Brève communication Polyradiculonévrite inflammatoire démyélinisante chronique et atteinte du système nerveux autonome S. Boukhris1, L. Magy1, Y. Li1, C. Debras2, J.-M. Vallat1 1

Service de Neurologie, Hôpital Universitaire Dupuytren, Limoges. Cabinet Médical, Angoulême. Reçu le : 24/02/2005 ; Reçu en révision le : 25/05/2005 ; Accepté le : 24/06/2005. 2

RÉSUMÉ Introduction. Les manifestations cliniques d’atteinte du système nerveux autonome au cours des polyradiculonévrites inflammatoires démyélinisantes chroniques (PIDC) restent exceptionnelles. L’hyperhydrose localisée et le syndrome de Claude Bernard Horner (CBH) ne semblent jamais avoir été mentionnés parmi les signes possibles de PIDC. Observation. Nous rapportons le cas d’un patient âgé de 65 ans, droitier, sans antécédent examiné pour une hyperhydrose de l’hémithorax et de l’hémiface droits, un syndrome de Claude Bernard Horner gauche et une fatigabilité à la marche et chez lequel le diagnostic de PIDC a été retenu. Aucune autre étiologie n’a été retrouvée. L’évolution a été lentement favorable après trois perfusions intraveineuses d’immunoglobulines polyvalentes. Conclusion. L’atteinte du système nerveux autonome peut être attribuée à la PIDC comme dans le syndrome de Guillain-Barré. L’atteinte multifocale du système nerveux sympathique et l’amélioration spectaculaire de tous les symptômes sous traitement sont deux arguments en faveur de cette association.

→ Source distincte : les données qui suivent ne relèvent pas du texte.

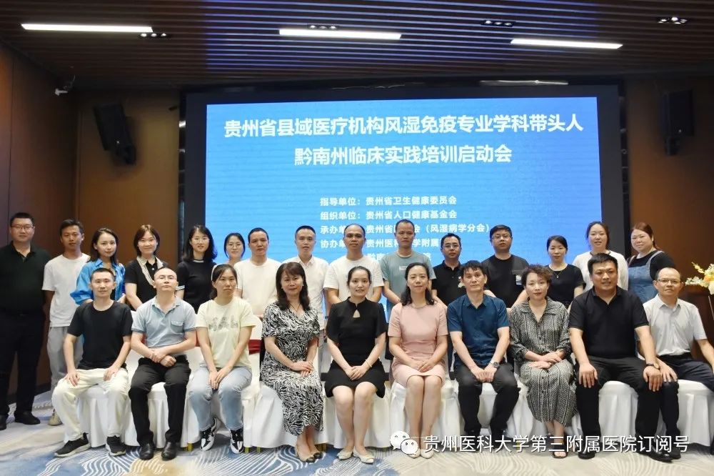 近日,由省卫生健康委指导,省人口健康基金会组织,省医学会(风湿病学分会)承办,我院等单位协办的贵州省县域医疗机构风湿免疫专业学科带头人黔南州第一期临床实践培训班顺利举行。省内风湿免疫学专家、黔南州各县市医疗机构风湿免疫学科带头人参加。

Mots-clés : Polyradiculonévrite inflammatoire démyélinisante chronique (PIDC) • Syndrome de Claude Bernard Horner • Hyperhydrose • Système nerveux autonome

SUMMARY Autonomic nervous system involvement in chronic inflammatory demyelinating polyneuropathy . S. Boukhris, L. Magy, Y. Li, C. Debras, J.-M. Vallat, Rev Neurol (Paris) 2005; 161: 12, 1228-1231 Introduction. Involvement of the autonomic nervous system during Chronic Inflammatory Demyelinating Polyneuropathy (CIDP) is rare. Localised hyperhydrosis and Claude Bernard Horner (CBH) syndrome have never been reported in patients with CIDP. Case report. We report the case of a 65-year-old right handed man who presented with hyperhydrosis localised to the right hemithorax and hemiface and a left CBH syndrome. After an extensive workup, the patient was found to have CIDP as the only cause of autonomic nervous system involvement. The symptoms resolved slowly after three courses of intravenous immunoglobulins. Conclusion. Signs of autonomic nervous system involvement can be observed in CIDP as in Guillain-Barré syndrome. This case report shows that immunomodulatory treatment can be effective against dysautonomia in CIDP.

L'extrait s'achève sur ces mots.